Ember parecia querer chorar
novamente. As memórias de sua despedida eram frescas em sua mente, o desejo de consolá-la,
de abraçá-la até que toda a dor passasse. Odiava vê-la chorando. “Então por que
voltou?” ela perguntou-lhe, dizendo exatamente o que Dalrod anciava que ela não
dissesse.
Ele passou os dedos por entre seus
cabelos, puxando com força alguns fios para trás, utilizando, como sempre, a
dor para o acordar. Ele poderia dizer tantas palavras. Contar-lhe que não
encontrara nenhum dragão e sua ida à Ilha fora inútil. Que todas as pessoas lhe
pareceram frias e sem emoção, assim como ele, tão diferentes dela, de seu
calor. Que a floresta era como sua casa, que queria estar perto dela.
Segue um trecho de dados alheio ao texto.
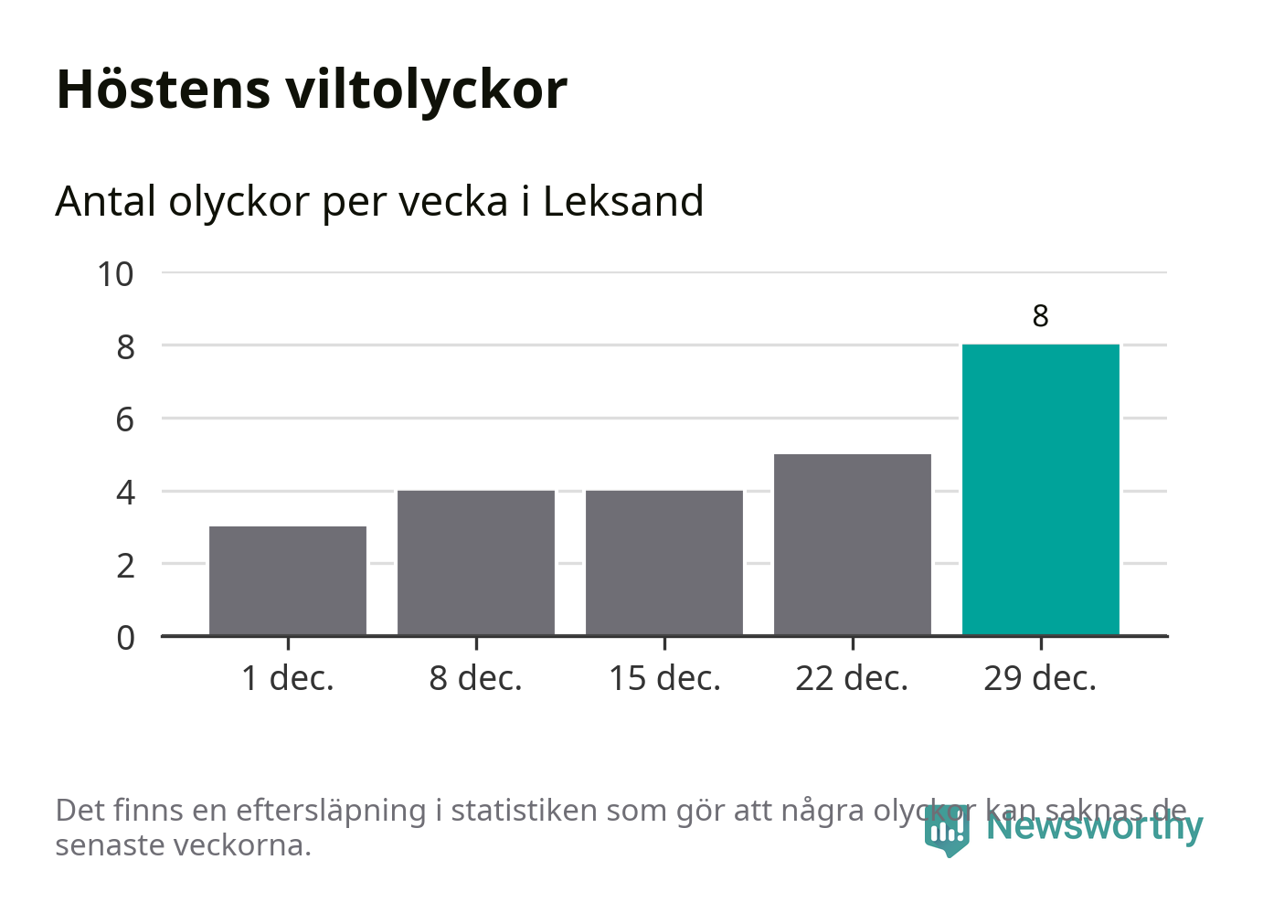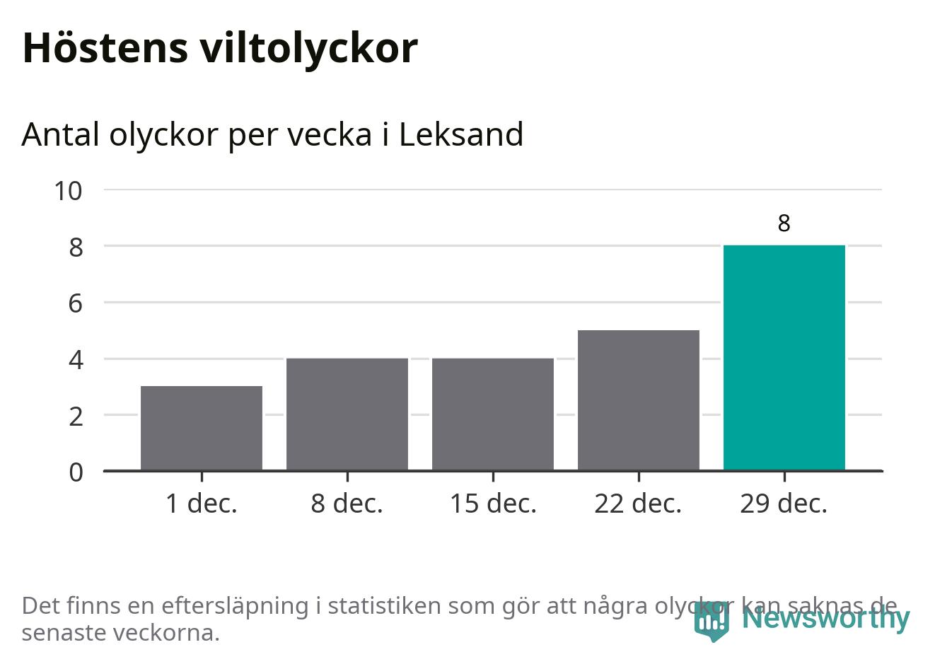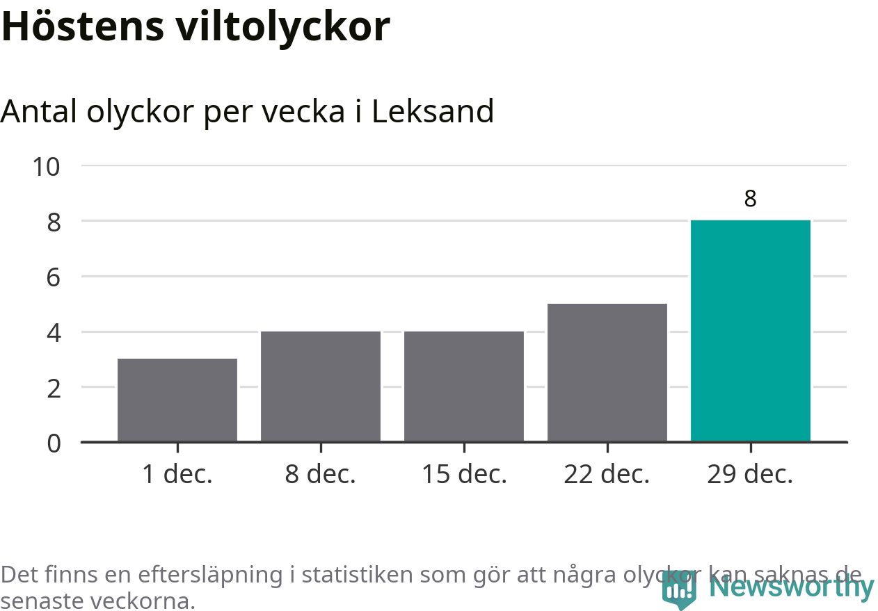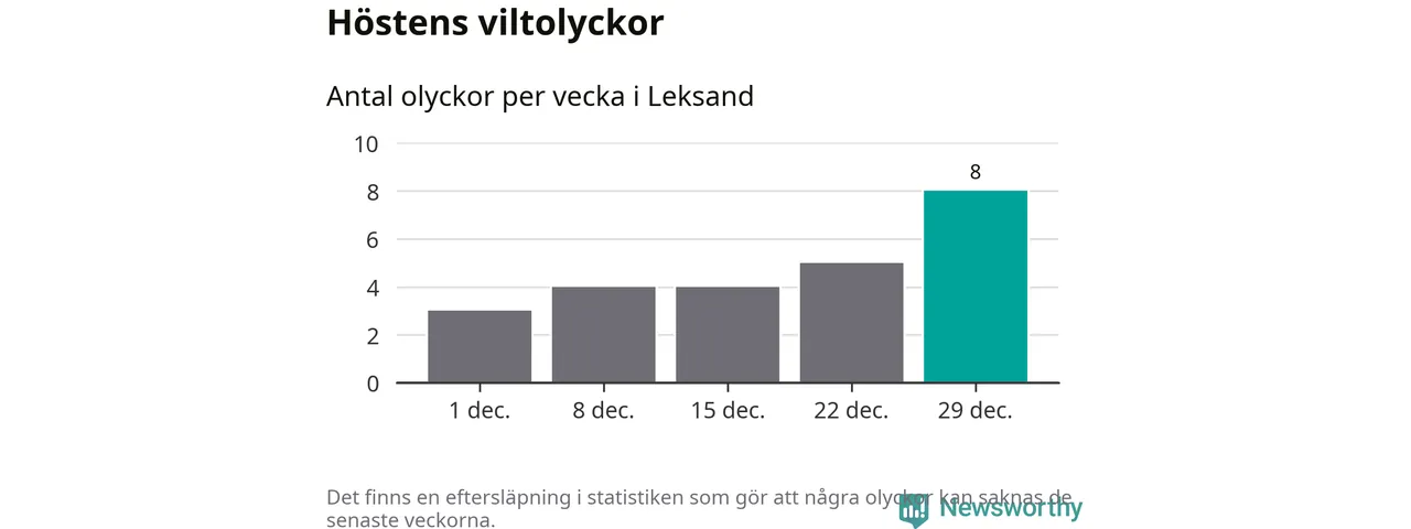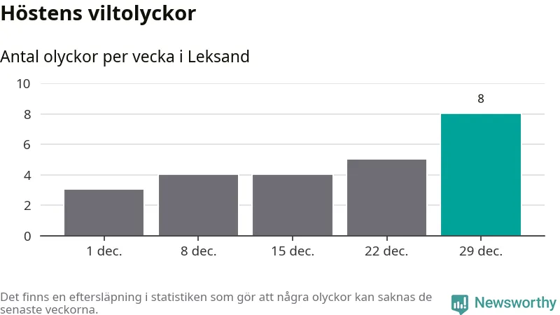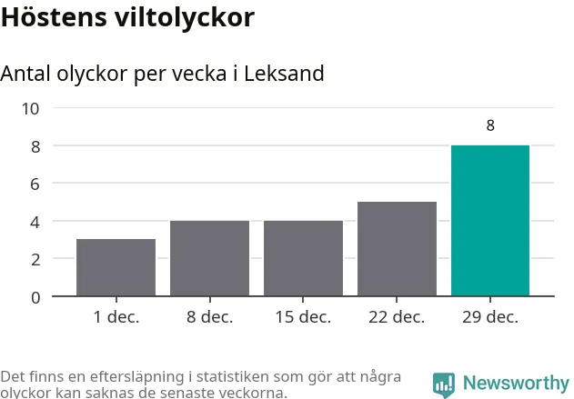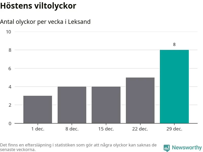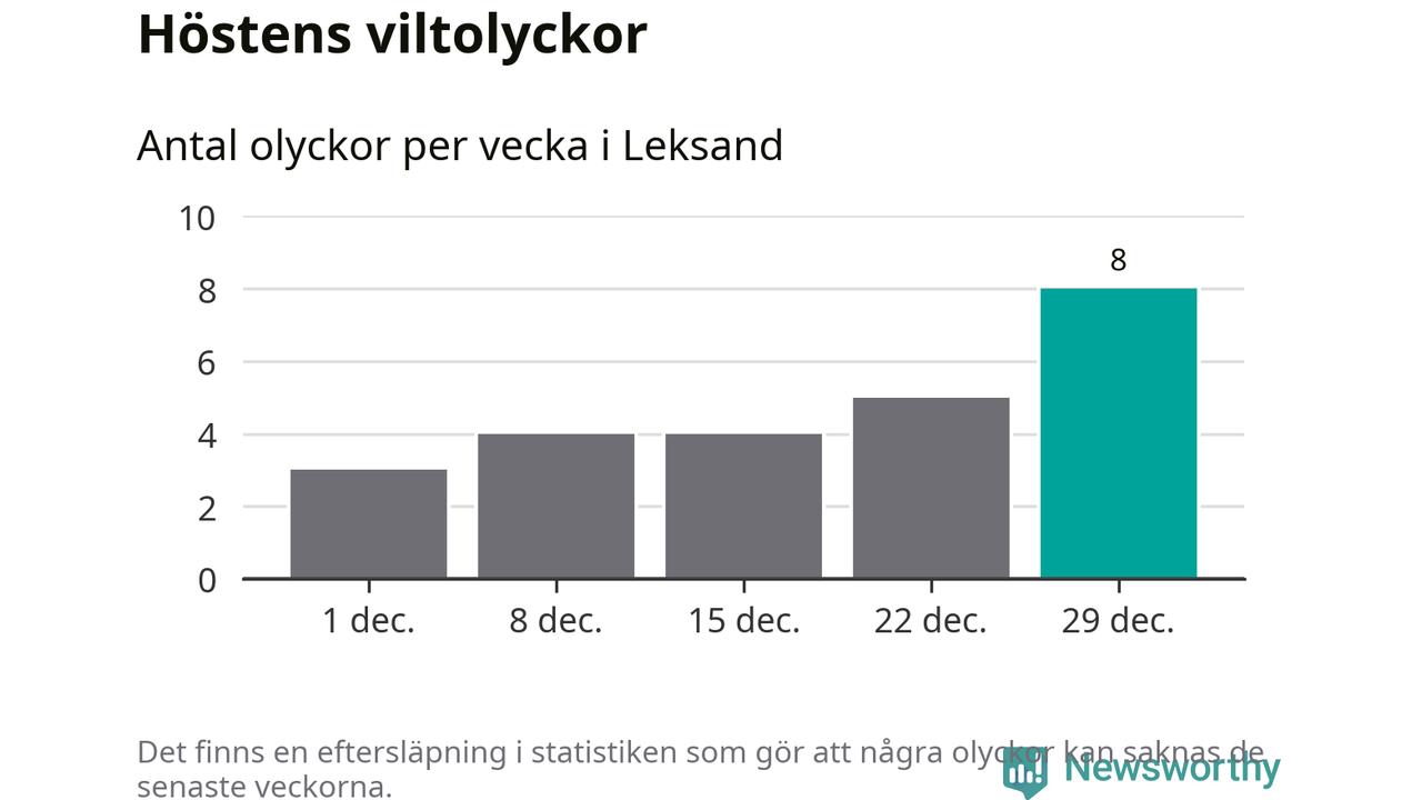 Under vecka 1 rapporterades tio viltolyckor in i Leksands kommun. Det är det största antalet på en vecka den här vintern.

Eram
palavras demais para alguém que preferia o silêncio. Ao menos o dele.
“Eu senti sua falta,” ele lhe
respondeu, juntamente com um trovão ressoando no céu, apagando sua voz.
“O que?” ela perguntou, confusa.
Dalrod sorriu um pouco, virando as costas para a garota do sorriso caloroso,
dos olhos oceânicos, contrastando com todo seu fogo, da esperança, da voz doce.
Deitando sua cabeça em uma pedra e abraçando seu próprio corpo, ele fechou os
olhos.
“Boa noite, Ember,” ele disse.
“Boa noite, Dalrod,” ela respondeu,
deitando ao seu lado, suas costas encostando nas dele.
Abrindo um pouco os olhos, o caçador
puxou de dentro de suas roupas um colar, uma face gelada e a outra quente, devido
ao toque com a pele. O pingente de dragão refletia a luz avermelhada do fogo
quase extinguido e o ressonar de Ember era o único som além da chuva caindo.
Não conseguindo evitar, deixou uma única lágrima cair de seus olhos verdes,
frios como uma geleira inteira, escondendo a dor da solidão por detrás das
pupilas.
Ele era um Caçador de Dragões. Mas
nunca havia matado um. Mataria a si mesmo
se possuísse escamas para provar-lhe de sua frieza, de sua dor. Que
esperanças haviam para ele? Estava perdido.
“Eu amo você,” sussurrou em uma voz
inaudível, ao que Ember nem ao menos se mexeu durante seu sono. Ela
provavelmente sabia que ele iria embora pela manhã, que a deixaria novamente.
Não era isso que ele fazia? Fugir?
Ou talvez pudesse dormir um pouco
mais... a noite era longa. E certas decisões podem esperar pela manhã.